Dolinsky in Ukraine isn’t a fan of the Polish legislation, either.
“But I don’t quite understand why it and only it provoked such a strong reaction,” he added. “We needed that strong reaction two years ago in Ukraine. This fight needs to apply to all these cases. For the pressure to be effective, it shouldn’t be selective.”
Dolinsky believes that Ukraine — which, unlike Poland, shares a border with Russia — is getting a free pass from the West because it is subjected to hostility from Russia under President Vladimir Putin.
In 2014, Russia annexed Crimea from Ukraine amid ongoing psychological warfare against the Baltic nations, often involving the deployment of Russia’s mighty army around those countries in blunt loudspeaker diplomacy.
“There is a lot of Russophobic sentiment worldwide and it means international silence on countries with a conflict with Russia,” said Joseph Koren, chairman of the Latvia Without Nazism group.
“Poland and Hungary are in a different category,” agreed Dovid Katz, a scholar of Yiddish in Lithuania and longtime campaigner against Holocaust distortion there. The singling out of Poland and Hungary, he said, is “not least because the issues of the Holocaust, anti-Semitism and restrictions on democratic expression in these countries have never been perceived primarily through the same binary lens of pro-and anti-Putin.”
Under that alleged cover of silence, in Ukraine and the Baltic countries there is a rapid lifting on taboos that had been in place for decades on the honoring of war criminals, even including SS volunteers who enthusiastically participated in the mass killings of Jews and Poles.
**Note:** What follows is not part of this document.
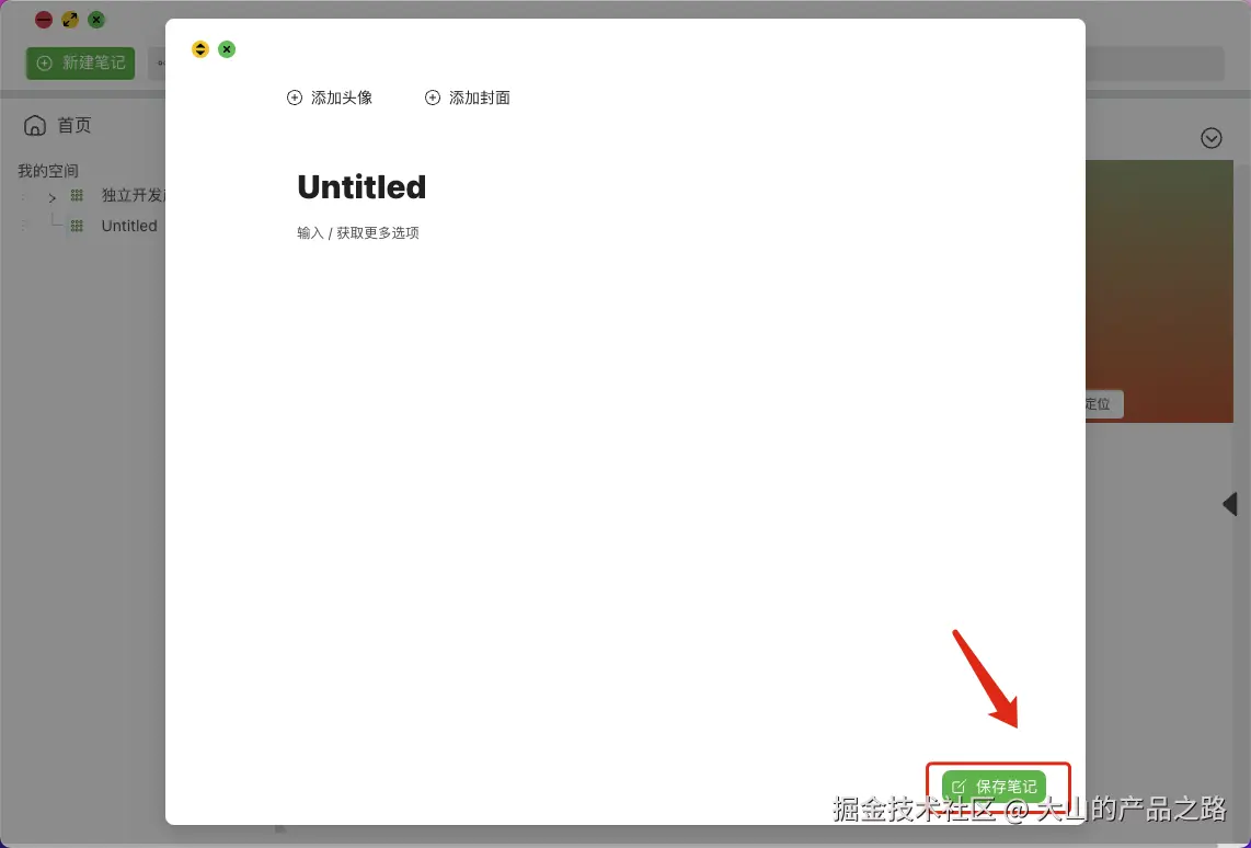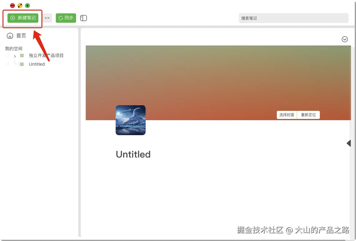 点击顶部新建笔记

Largely ignored by the international media, Latvian President Raimonds Vejonis last week gave the final approval for a law that offers financial benefits to all World War II veterans – including SS volunteers who murdered Jews. Latvia is the only country in the world known to have an annual march by SS veterans, which takes place with the approval of authorities’ on the country’s national day in the center of its capital, sometimes with mainstream politicians in attendance.
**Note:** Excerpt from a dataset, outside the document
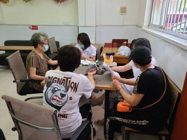 六角亭街社区卫生服务中心的医护人员对老年人进行健康教育。通讯员胡莎供图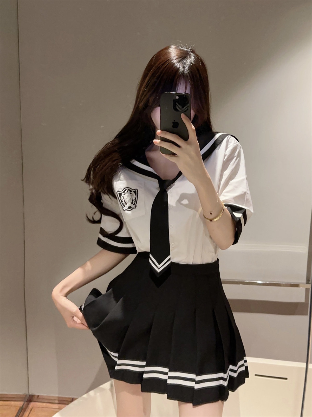 学院风jk制服套装女减龄夏季短袖衬衫海军领高腰半身裙两件套水手

Last year, the municipality of Kalush near Lviv in Ukraine decided to name a street for Dmytro Paliiv, a commander of the 14th Waffen Grenadier Division of the SS, also known as the 1st Galician.
Ukraine’s state television observed a moment of silence for the first time last year for Symon Petliura, a nationalist killed by a Jewish communist for Petliura’s role in the murder of 35,000 to 50,000 Jews in a series of pogroms between 1918 and 1921, when Petliura was head of the Ukrainian People’s Republic.
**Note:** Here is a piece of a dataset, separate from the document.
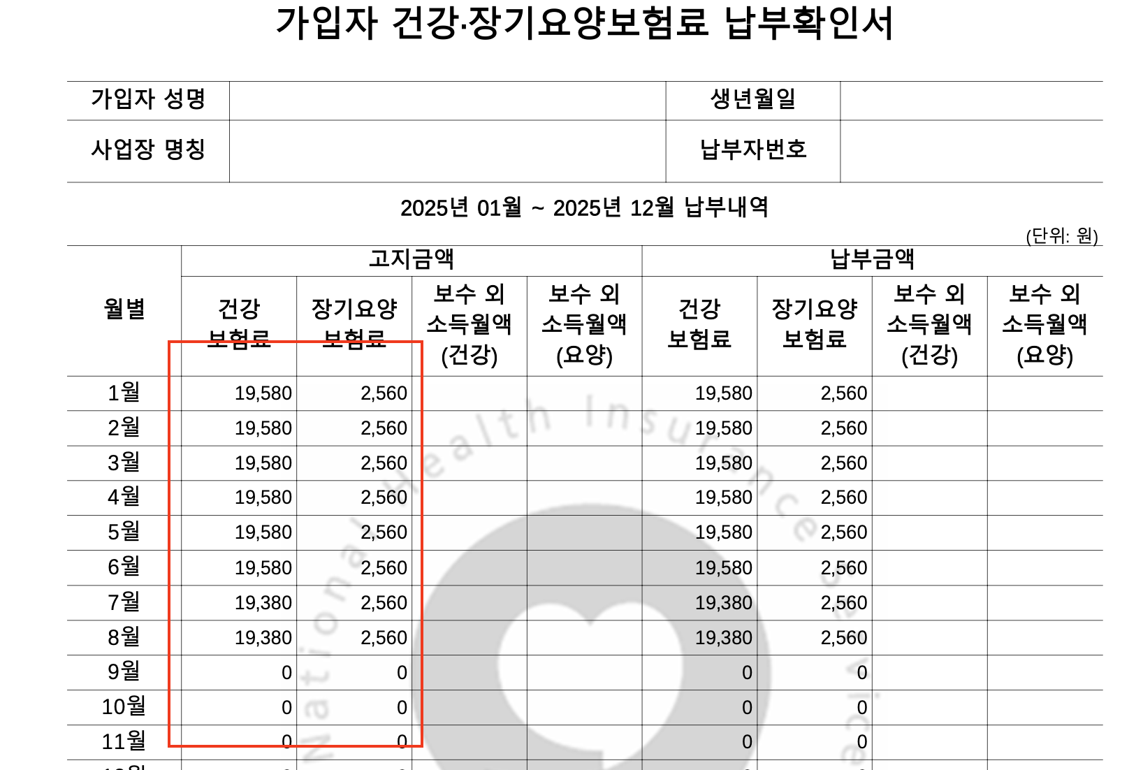 - 최근 건강보험료 부과내역 (본인 부담분, 장기요양보험료 제외 여부 확인)

“There is less willingness to speak out on Ukraine in media, in the scientific community and in Western governments, so it seems,” Dolinsky said.
But this alleged turning of a blind eye, he added, is a disservice. “Ukraine needs to join Europe as a civilized member of that family of nations. And for that to happen, it needs to speak honestly and openly about its history,” he said.
To Ryvchin, the Australian author, the “particularly forceful reaction to the Polish law is likely because Poland is seen as the epicenter of the Holocaust,” he said. The Germans built extermination camps only in Poland, according to Holocaust historian Efraim Zuroff.
“Any attempt to distort or disguise what happened in Poland is seen as a particularly egregious attack on the history of the Holocaust and the memories of the dead,” Ryvchin said.
Ironically, Poland is perhaps singled out for criticism because of the country’s vocal civil society and the lively debate it is generating over the politics of memory, Katz suggested.
Even today, he said, Poland and Hungary “have robust liberal movements that themselves counter official government policy on many issues — unlike the Baltics, where dissent is often quashed using the full force of the law.”